OpenSearch/client/benchmark/README.md

36 lines
1.7 KiB
Markdown
Raw Normal View History

Steps to execute the benchmark:
1. Start Elasticsearch on the target host (ideally *not* on the same machine)
2. Create an empty index with the mapping you want to benchmark
3. Start either the RestClientBenchmark class or the TransportClientBenchmark
4. Delete the index
5. Repeat steps 2. - 4. for multiple iterations. The first iterations are intended as warmup for Elasticsearch itself. Always start the same benchmark in step 3!

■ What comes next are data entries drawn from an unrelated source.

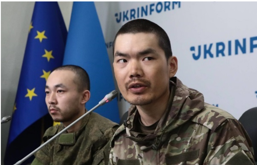
Двоє китайців і досі пробувають у СІЗО Служби безпеки України

Пекін застерігає громадян КНР від поїздок у зони збройних конфліктів та участі у бойових діях на боці будь-якої держави.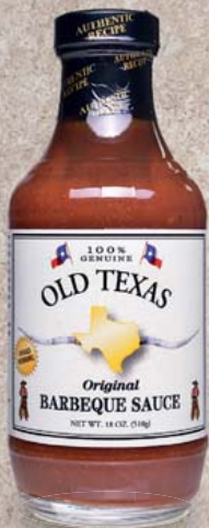
Old Texas Barbecue-Sauce verschiedene Sorten je 455-ml-Flasche 1 l = 15,36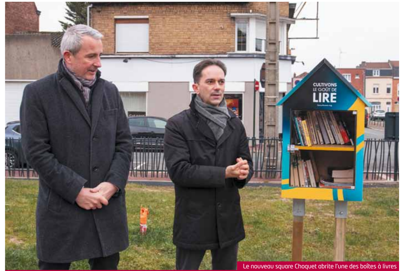
Le nouveau square Choquet abrite l'une des boîtes à livres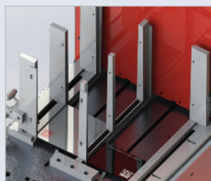
▶ 2 voies de marquage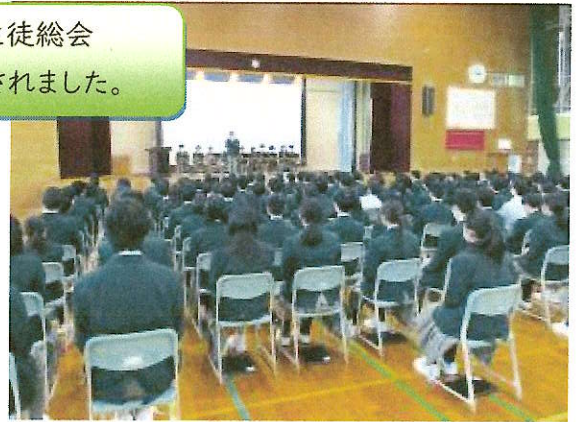
2月21日 後期生徒総会 色々な意見が出されました。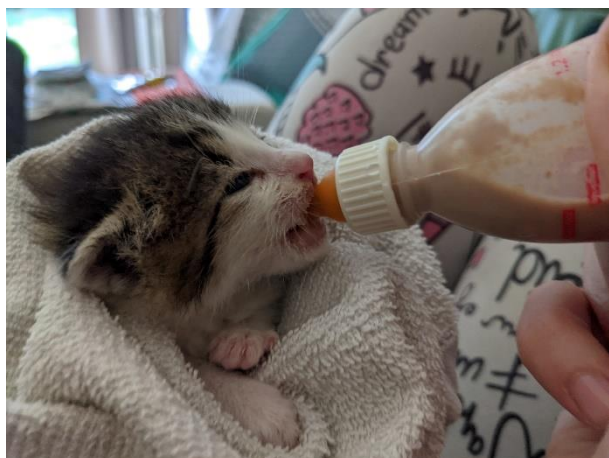
Kotě krmené z flašky

4. After the benchmark: Shutdown Elasticsearch and delete the data directory
Repeat all steps above for the other benchmark candidate.
Example benchmark:
* Download benchmark data from http://benchmarks.elastic.co/corpora/geonames/documents.json.bz2 and decompress
* Use the mapping file https://github.com/elastic/rally-tracks/blob/master/geonames/mappings.json to create the index
Example command line parameter list:
```
192.168.2.2 /home/your_user_name/.rally/benchmarks/data/geonames/documents.json geonames type 8647880 5000 "{ \"query\": { \"match_phrase\": { \"name\": \"Sankt Georgen\" } } }\""
```
The parameters are in order:
* Benchmark target host IP (the host where Elasticsearch is running)
* full path to the file that should be bulk indexed
* name of the index
* name of the (sole) type in the index
* number of documents in the file
* bulk size
* a search request body (remember to escape double quotes). The `TransportClientBenchmark` uses `QueryBuilders.wrapperQuery()` internally which automatically adds a root key `query`, so it must not be present in the command line parameter.
You should also define a few GC-related settings `-Xms4096M -Xmx4096M -XX:+UseConcMarkSweepGC -verbose:gc -XX:+PrintGCDetails` and keep an eye on GC activity. You can also define `-XX:+PrintCompilation` to see JIT activity.